By: The Musing Medic
Unique Relationship Between Paramedics And Physicians
Physicians and paramedics have a unique relationship. In the grand scheme, the physician is in charge even if they are not present in the pre-hospital setting. But the physician also trusts the paramedic to use their own clinical judgment and diagnostic skills to properly assess and treat a patient. That requires trust from the physician and humility from the paramedic. But the only way both groups can come together and form a great working relationship, perhaps even friendship, is by constantly working on communication. So here are some musings (get it, the musing medic–yeah, I know) on key communication points between physicians and pre-hospital staff.
The Top 4 Most Important Things
1. Medicine is a hierarchy whether we like it or not.
Physicians are at the top of the food chain. This is not because they possess some other-worldly quality. It is because of their training. Undergraduate, medical school, residency, and sometimes fellowship…that is a lot of time spent to honing their craft. Paramedics should realize that when a physician commends or rebukes, it is because their training has developed them into providers that attempt to collate massive amounts of data and information and form an objective stance. If they provide you with advice or criticism on a patient, take it and run. They are not trying to lead you astray.
2. Knowledge is not limited to one specific group of people.
As a paramedic, I stay in the loop with current literature–and not just the EMS trade magazines. If you could see the books on my shelf like Harrison’s and Rosen’s, both of which are well worn from reading, you would know I am serious about my field. Sometimes we are even more knowledgeable about current practices than other staff. I urge you to read up on the studies regarding supplemental oxygen use on an Acute MI or the effectiveness of Trendelenberg position. (Both are considered ineffective and outdated yet some physicians still cling to these age-old practices.) Just like anyone else, physicians can (and do) become complacent. The moral of the story is: don’t assume the paramedic you are talking with is uneducated or lacking in knowledge. Treat us as a colleague and watch your relationship evolve.
3. Medical command calls should be two professionals working together.

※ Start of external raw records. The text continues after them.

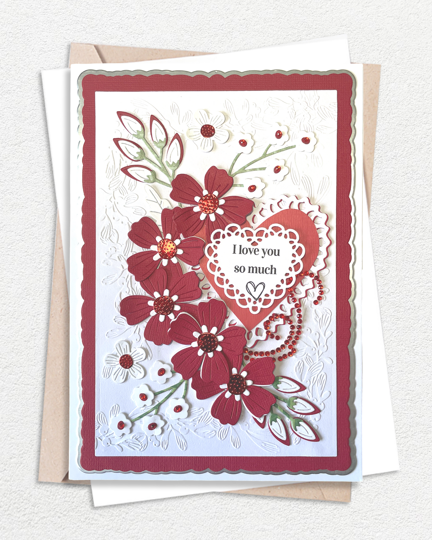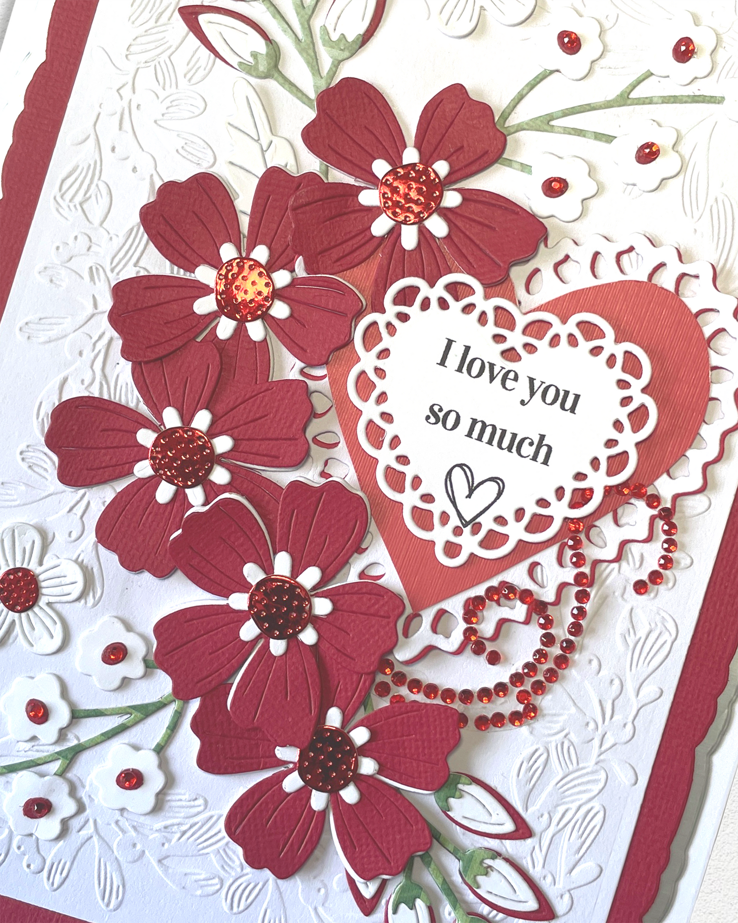 Materials: 300 gsm Cardstock, Acid-free design papers, Vintage elements, Handmade paper flowers, and red mini gems.
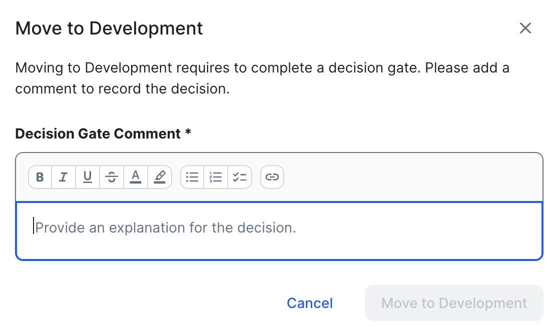 Decision gates are triggered when you use the Move to <stage> button in the Lifecycle tracker, to advance or revert the lifecycle stage of an asset. The Move to <stage> dialog box prompts you to describe the decisions and justification for advancing or reverting the stage of the asset, for example stakeholder decisions, recommendations from Legal, or committee meeting minutes.
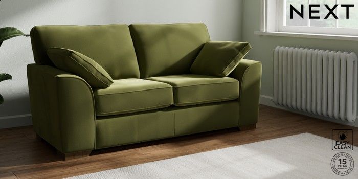 7.2.10 Buy Stamford Sofa Bed Plush Velvet Easy Clean Mid Olive Green Large Square Angle - Mid from the Next UK online shop Click here to use our accessible website
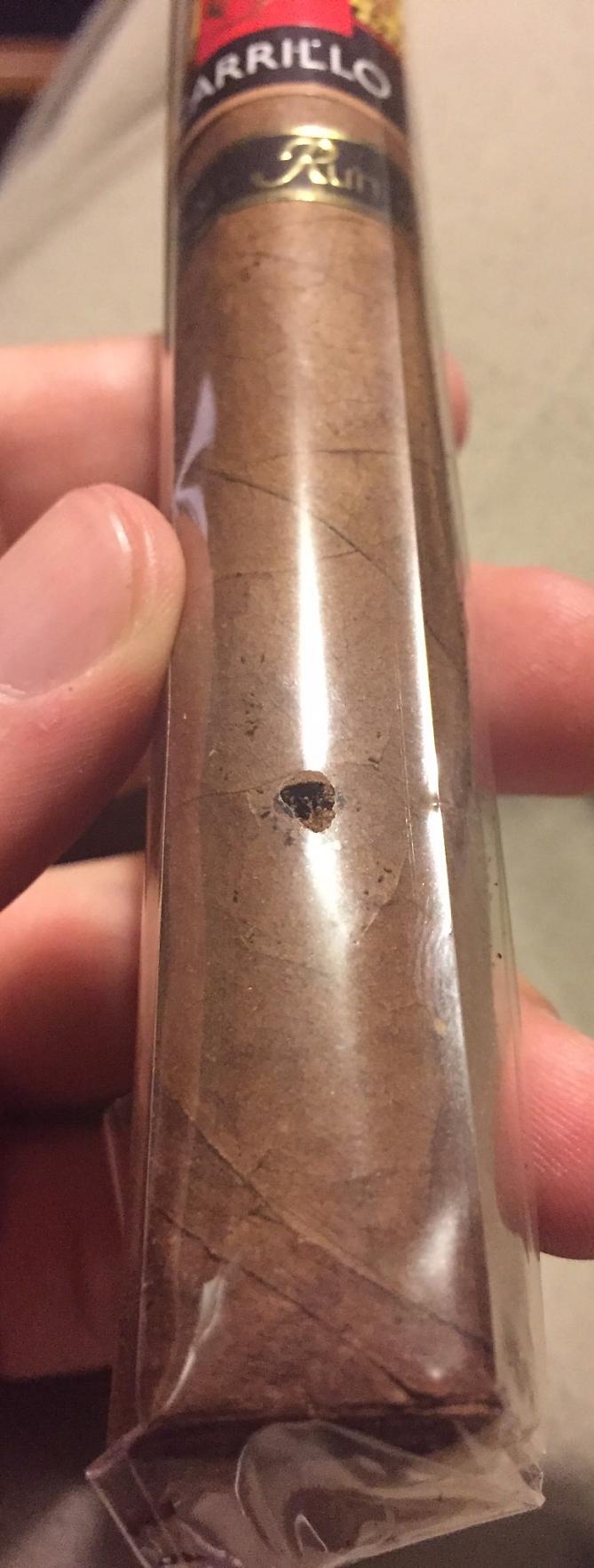 Cigar with hole through cellophane.
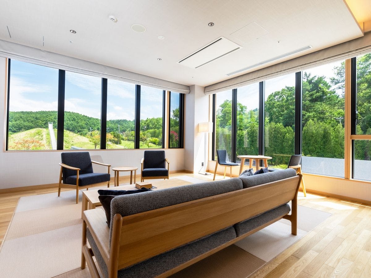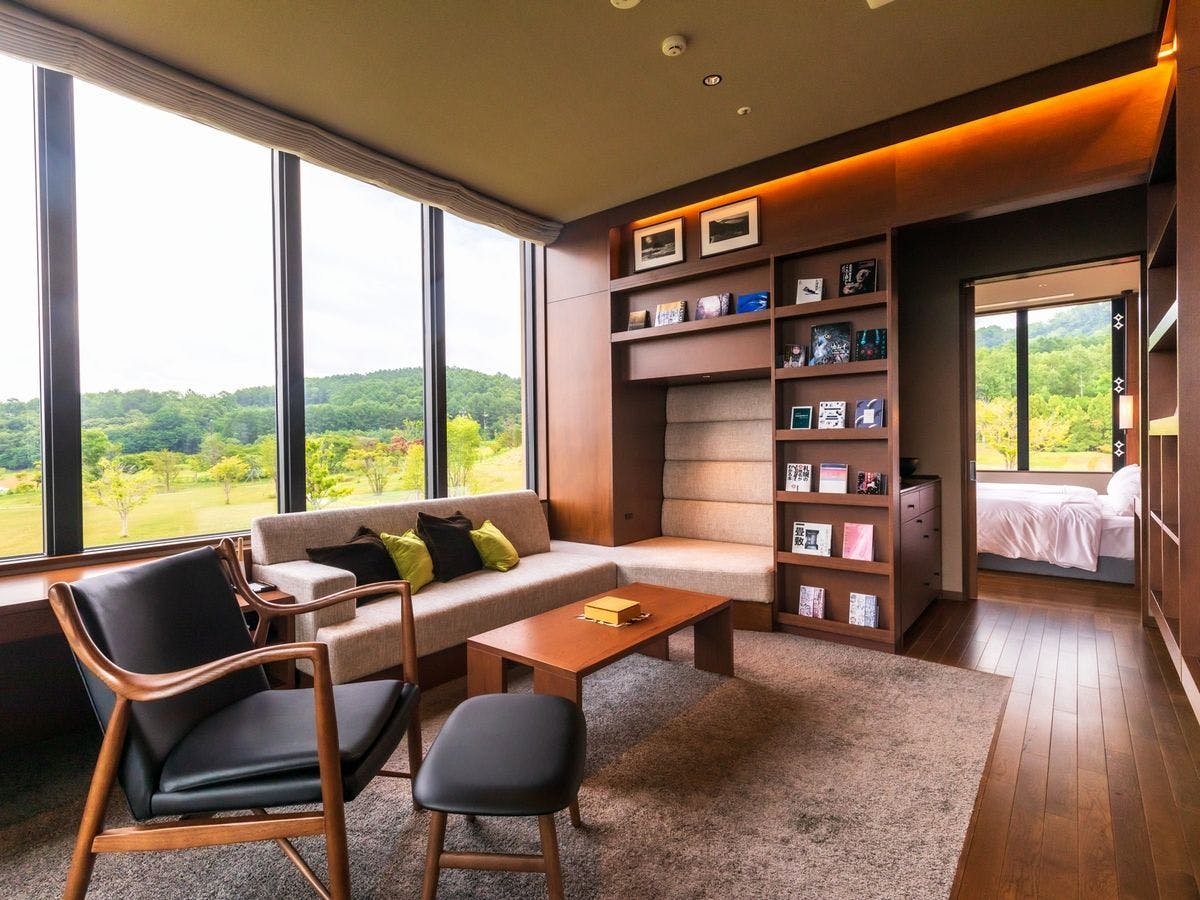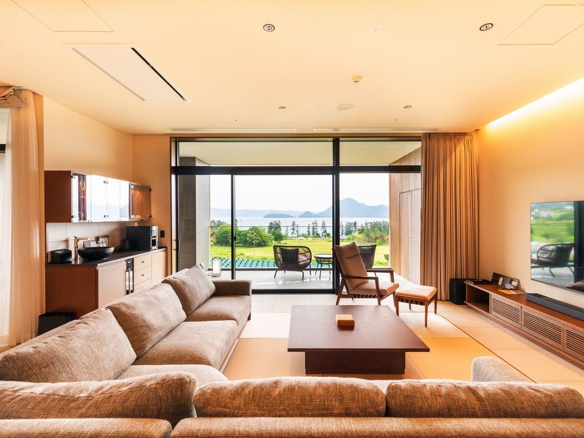 温泉露天風呂を備え、室内にはアルフレックス社の最上級ソファをご用意。

Rarely should the physician just say “No” without hearing the paramedic’s thought process. Help them consider alternatives or other avenues, but never shut them down immediately or without an alternate option (this does not apply to paramedic’s whose actions will likely harm the patient, that is a time for a forceful response). And to the paramedics, formulate a plan before you call in. You are on the front lines in the field, not the physician. They are counting on you. If you can provide sound, logical reasoning for a treatment, they most likely will agree. But don’t be afraid to get a second opinion, physicians are there to help.
4. And finally, be open to doing a post-run discussion or debriefing.

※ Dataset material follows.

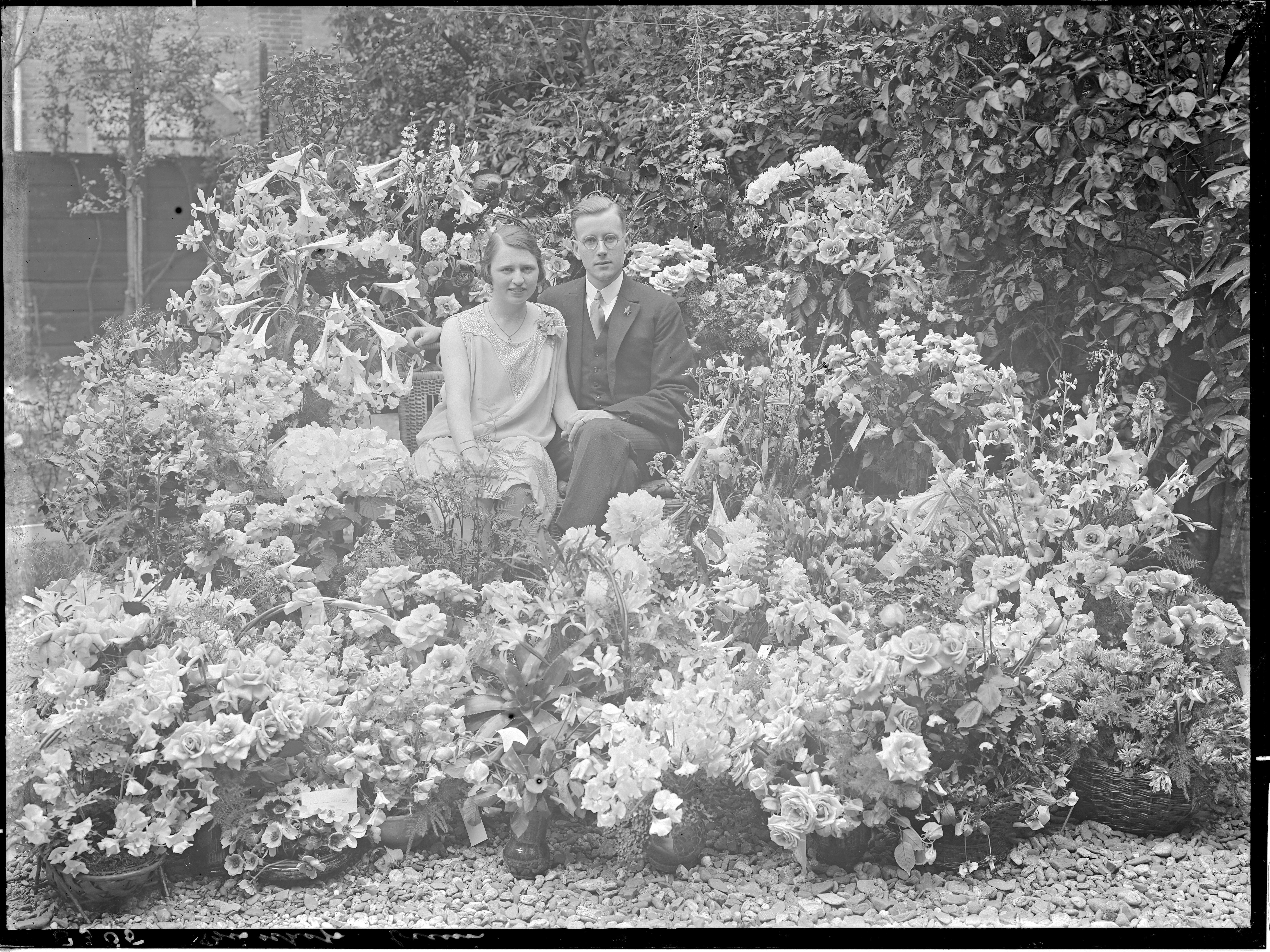 (in de rand '9335 BISSCHOP bruin') jong paar tussen de gekregen bloemen, een zee van bloemen en planten, in de tuin gezeten;
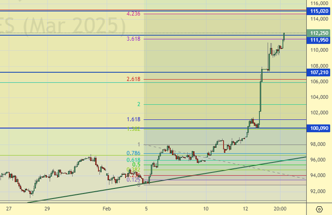 Исходя из нарисованного: мы идем на 115000. По достижению данного уровня последует коррекция, которая вернет нас к 110000. Большего сказать нельзя. Отметим, что быки очень сильно заложились в рост. И если мы не увидим существенных изменений относительно СВО, то весь этот пар уйдет в свисток.

Physicians, you should be going over an interesting patient with the paramedics. Learning opportunities abound but are rarely capitalized on. And paramedics, seek out the physician, ask them for a moment of their time, and work through the call together. If you don’t know, ask. The only way to advance is by constantly improving yourself.

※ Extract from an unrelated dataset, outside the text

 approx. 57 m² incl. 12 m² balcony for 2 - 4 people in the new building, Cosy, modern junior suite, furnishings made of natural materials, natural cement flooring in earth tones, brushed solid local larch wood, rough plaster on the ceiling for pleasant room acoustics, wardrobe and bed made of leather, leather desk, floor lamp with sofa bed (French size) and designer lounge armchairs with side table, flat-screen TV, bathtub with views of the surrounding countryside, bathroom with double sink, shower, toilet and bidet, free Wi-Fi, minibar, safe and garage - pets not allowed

If I Had Just One Word To Sum It Up
So there you have it. Just a few tidbits that have been on my mind lately. I think if I had to highlight one single point of this whole thing it is the concept of humility. Not one person can do it all or know it all. Both sides must work together. Paramedics and physicians need to remain open to input from one another. Bill Nye once said “everyone you will ever meet knows something you don’t.”
I think this is a great way to approach medicine and life in general.